As of November 2021, the funRiceGenes database and the corresponding publication in GigaScience have been cited by 89 times (Yao et al., 2017). funRiceGenes provides the most accurate number of functionally characterized rice genes, which was referenced by many studies (Wing et al., 2018; Yang et al., 2020). The datasets in funRiceGenes were utilized to train models in bioinformatics studies (Gupta et al., 2021). The information of more than 4100 genes collected in funRiceGenes was frequently utilized to annotate the functions of gene sets obtained in many studies in rice (Kim et al., 2020; Qin et al., 2021; Fan Zhang et al., 2021). Furthermore, the funRiceGenes database was also used to disclose the potential functions of homologous genes in non-model plants including wheat, rye, sorghum, barley and pacaya palm (Hosni et al., 2021; Pang et al., 2020; Li et al., 2021; Wittern et al., 2021; Dhaka et al., 2020; Wang et al., 2021).
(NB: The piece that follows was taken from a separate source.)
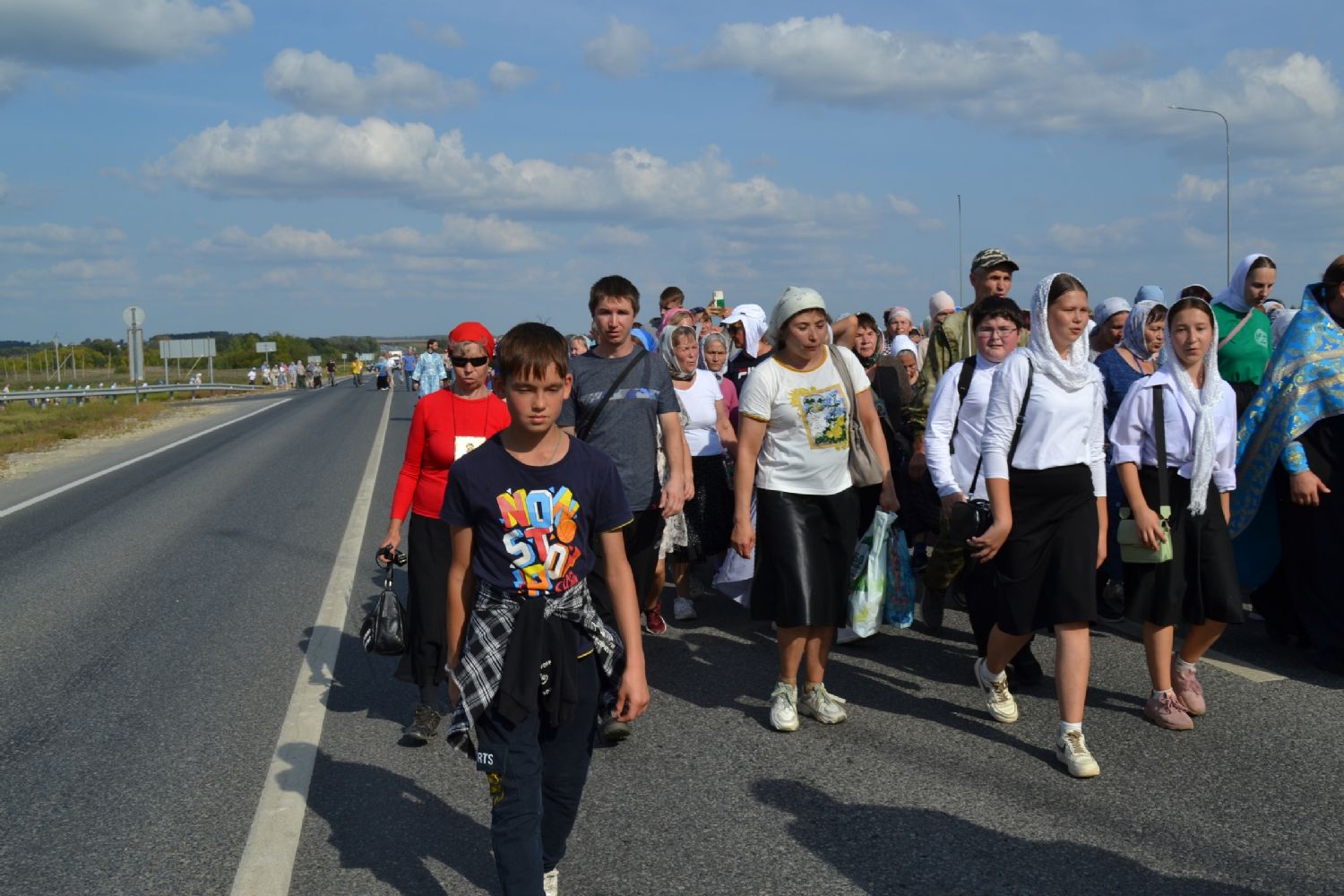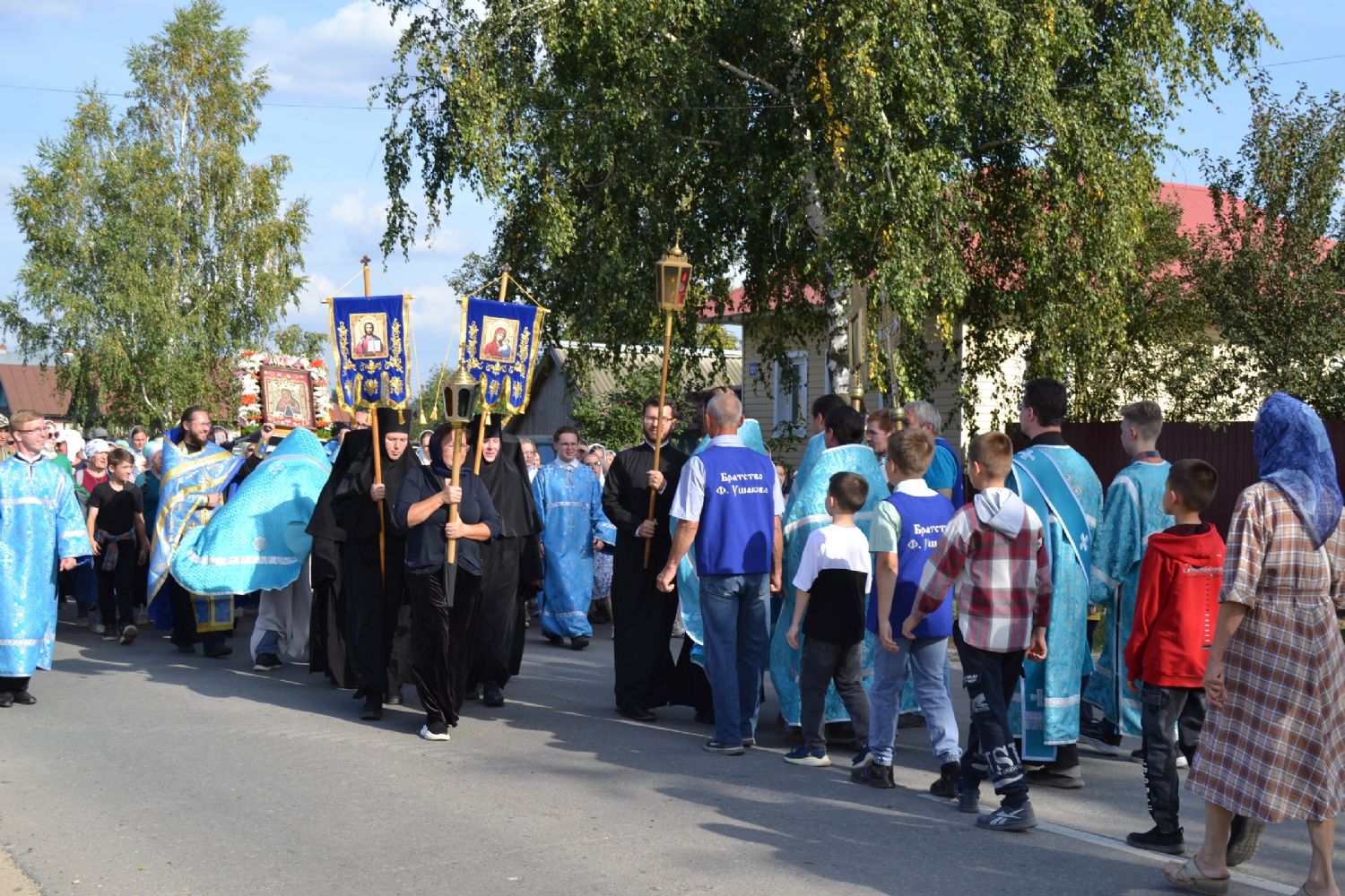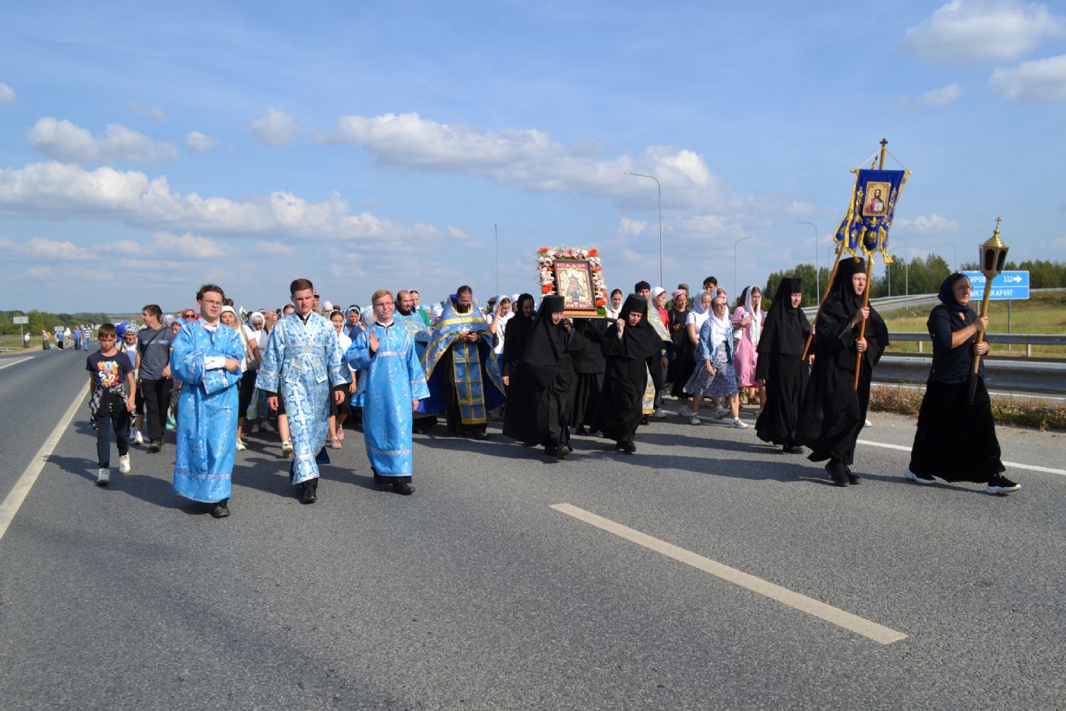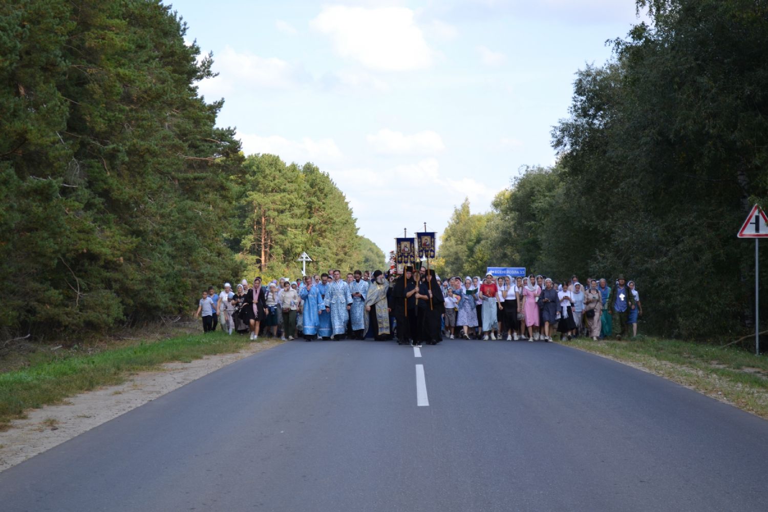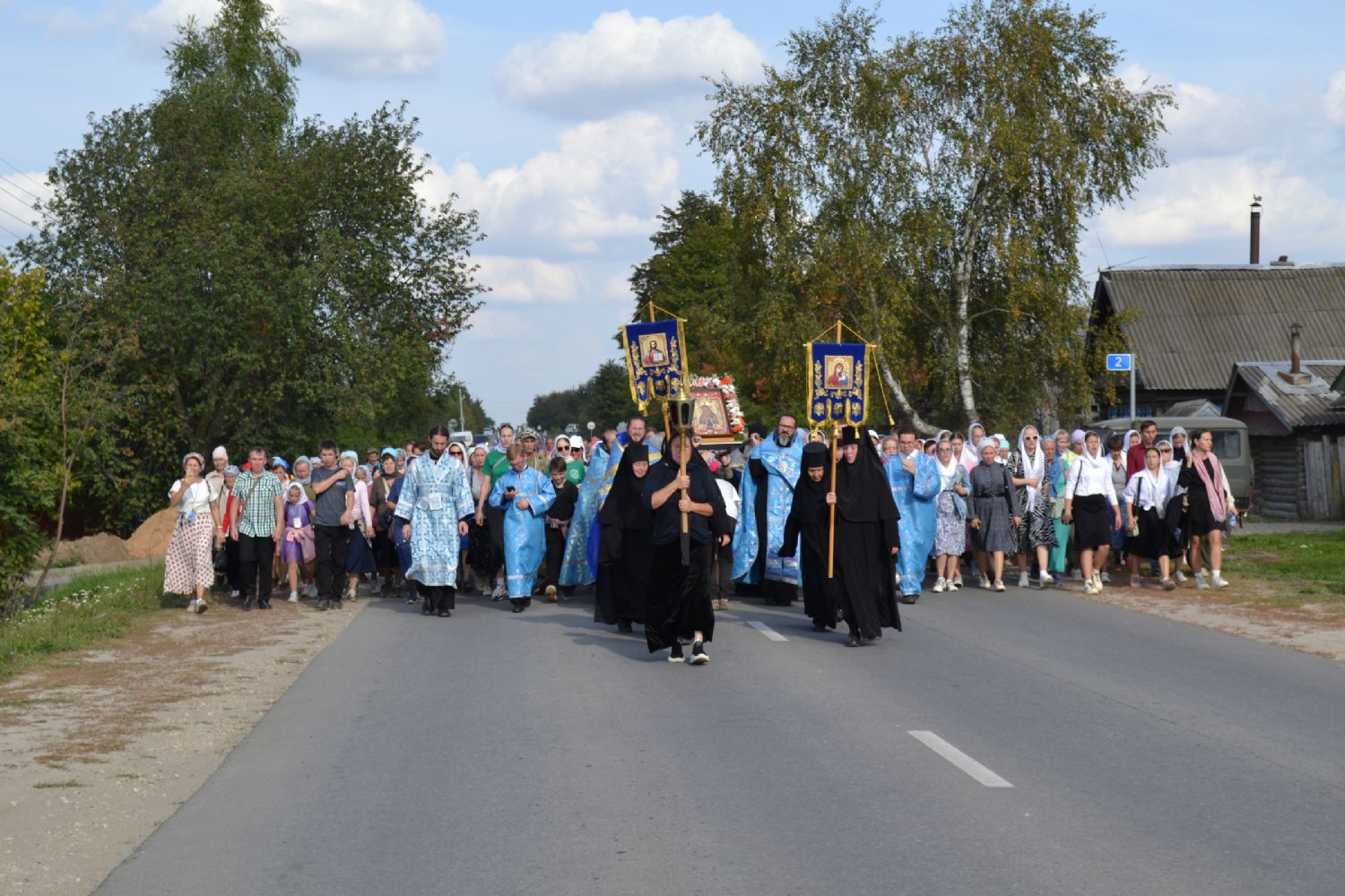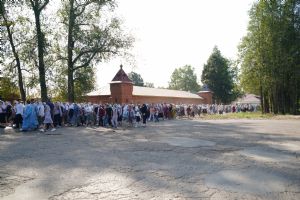 После трапезы верующие, обойдя крестным ходом с Мироносицкой иконой Божией Матери вокруг храма, двинулись к селу Семеновка, пройдя по пути через села Ким, Юшково, Кузнецово, Данилово. На подходе к Семеновке крестоходцев радостно встретили священнослужители и прихожане храма Рождества Пресвятой Богородицы.

Features update of the funRiceGenes database
A static website (https://funricegenes.github.io/) was developed for browsing and searching functional rice genes deposited in funRiceGenes. Eight menus were deployed in the static website, including HOME, GENE, FAMS, KEYS, NEWS, DOCS, CITE, and LINK. The symbols of more than 4100 functionally characterized rice genes are listed in the GENE menu. Detailed information of a gene can be viewed by clicking on the corresponding gene symbol, including published articles related to the gene, MSU and RAPdb genomic locus of the gene, GenBank accession number, key information on the function of the gene, and information of related genes. The information of more than 6000 gene family members was recorded in the FAMS menu. Information of all members and related publications can be viewed by clicking the name of a specific gene family. Based on the published literature, we extracted more than 400 commonly used keywords concerning various functions of rice genes. All the keywords and the genes related to each keyword can be viewed in the KEYS menu, allowing rapid identification of all the functionally characterized genes related to a specific agronomic trait or keyword. The detailed updating records of the funRiceGenes database since being released in 2014 can be found in the NEWS menu. More than 7000 literatures on rice functional genomics studies are listed in the DOCS menu. To promote the usage of funRiceGenes, publications citing the funRiceGenes database are listed in the CITE menu. The LINK menu provides links to some useful plant databases and bioinformatics applications. Finally, key information including gene list, gene family list, keywords list, and other datasets collected in funRiceGenes can be downloaded from the HOME page of the database. To further facilitate the convenient usage of the static website, in-site searching was enabled with the help of Google and Bing, which were placed on the HOME page of the static website. Real-time visitor statistics of the static website since Oct 29 2021 recorded by RevolverMaps (https://www.revolvermaps.com/) is also displayed on the HOME page.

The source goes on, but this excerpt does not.